--- Stored records ---
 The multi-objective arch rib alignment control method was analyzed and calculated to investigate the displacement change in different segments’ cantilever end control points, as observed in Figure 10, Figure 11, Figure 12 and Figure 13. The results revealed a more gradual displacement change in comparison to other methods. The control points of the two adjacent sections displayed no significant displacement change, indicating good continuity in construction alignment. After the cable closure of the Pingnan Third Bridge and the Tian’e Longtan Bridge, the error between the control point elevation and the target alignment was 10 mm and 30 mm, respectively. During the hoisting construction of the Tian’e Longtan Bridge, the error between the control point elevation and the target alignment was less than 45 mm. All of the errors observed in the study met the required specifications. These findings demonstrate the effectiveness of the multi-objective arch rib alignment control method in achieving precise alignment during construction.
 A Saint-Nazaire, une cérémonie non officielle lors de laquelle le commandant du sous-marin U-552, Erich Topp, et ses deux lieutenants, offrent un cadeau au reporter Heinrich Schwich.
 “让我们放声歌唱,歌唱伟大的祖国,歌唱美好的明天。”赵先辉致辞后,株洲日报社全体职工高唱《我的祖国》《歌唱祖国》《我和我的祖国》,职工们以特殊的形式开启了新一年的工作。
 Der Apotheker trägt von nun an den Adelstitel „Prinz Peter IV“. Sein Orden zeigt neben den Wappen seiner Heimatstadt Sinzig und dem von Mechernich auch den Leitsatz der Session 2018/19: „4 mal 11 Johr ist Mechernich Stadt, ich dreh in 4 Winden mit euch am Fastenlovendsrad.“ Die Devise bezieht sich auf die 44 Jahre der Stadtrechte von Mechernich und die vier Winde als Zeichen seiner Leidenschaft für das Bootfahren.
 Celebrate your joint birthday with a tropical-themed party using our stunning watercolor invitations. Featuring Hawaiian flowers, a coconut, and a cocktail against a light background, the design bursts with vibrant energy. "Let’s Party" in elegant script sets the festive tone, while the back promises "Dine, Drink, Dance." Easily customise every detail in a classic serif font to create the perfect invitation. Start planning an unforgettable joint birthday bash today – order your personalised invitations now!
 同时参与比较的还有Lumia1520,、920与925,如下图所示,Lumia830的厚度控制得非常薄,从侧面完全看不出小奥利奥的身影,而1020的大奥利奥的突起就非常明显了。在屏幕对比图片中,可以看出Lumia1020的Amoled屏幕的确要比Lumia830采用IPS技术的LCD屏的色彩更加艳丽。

--- Your goal ---
Each line above should be duplicated without any alteration.

--- Expected answer ---
 The multi-objective arch rib alignment control method was analyzed and calculated to investigate the displacement change in different segments’ cantilever end control points, as observed in Figure 10, Figure 11, Figure 12 and Figure 13. The results revealed a more gradual displacement change in comparison to other methods. The control points of the two adjacent sections displayed no significant displacement change, indicating good continuity in construction alignment. After the cable closure of the Pingnan Third Bridge and the Tian’e Longtan Bridge, the error between the control point elevation and the target alignment was 10 mm and 30 mm, respectively. During the hoisting construction of the Tian’e Longtan Bridge, the error between the control point elevation and the target alignment was less than 45 mm. All of the errors observed in the study met the required specifications. These findings demonstrate the effectiveness of the multi-objective arch rib alignment control method in achieving precise alignment during construction.
 A Saint-Nazaire, une cérémonie non officielle lors de laquelle le commandant du sous-marin U-552, Erich Topp, et ses deux lieutenants, offrent un cadeau au reporter Heinrich Schwich.
 “让我们放声歌唱,歌唱伟大的祖国,歌唱美好的明天。”赵先辉致辞后,株洲日报社全体职工高唱《我的祖国》《歌唱祖国》《我和我的祖国》,职工们以特殊的形式开启了新一年的工作。
 Der Apotheker trägt von nun an den Adelstitel „Prinz Peter IV“. Sein Orden zeigt neben den Wappen seiner Heimatstadt Sinzig und dem von Mechernich auch den Leitsatz der Session 2018/19: „4 mal 11 Johr ist Mechernich Stadt, ich dreh in 4 Winden mit euch am Fastenlovendsrad.“ Die Devise bezieht sich auf die 44 Jahre der Stadtrechte von Mechernich und die vier Winde als Zeichen seiner Leidenschaft für das Bootfahren.
 Celebrate your joint birthday with a tropical-themed party using our stunning watercolor invitations. Featuring Hawaiian flowers, a coconut, and a cocktail against a light background, the design bursts with vibrant energy. "Let’s Party" in elegant script sets the festive tone, while the back promises "Dine, Drink, Dance." Easily customise every detail in a classic serif font to create the perfect invitation. Start planning an unforgettable joint birthday bash today – order your personalised invitations now!
 同时参与比较的还有Lumia1520,、920与925,如下图所示,Lumia830的厚度控制得非常薄,从侧面完全看不出小奥利奥的身影,而1020的大奥利奥的突起就非常明显了。在屏幕对比图片中,可以看出Lumia1020的Amoled屏幕的确要比Lumia830采用IPS技术的LCD屏的色彩更加艳丽。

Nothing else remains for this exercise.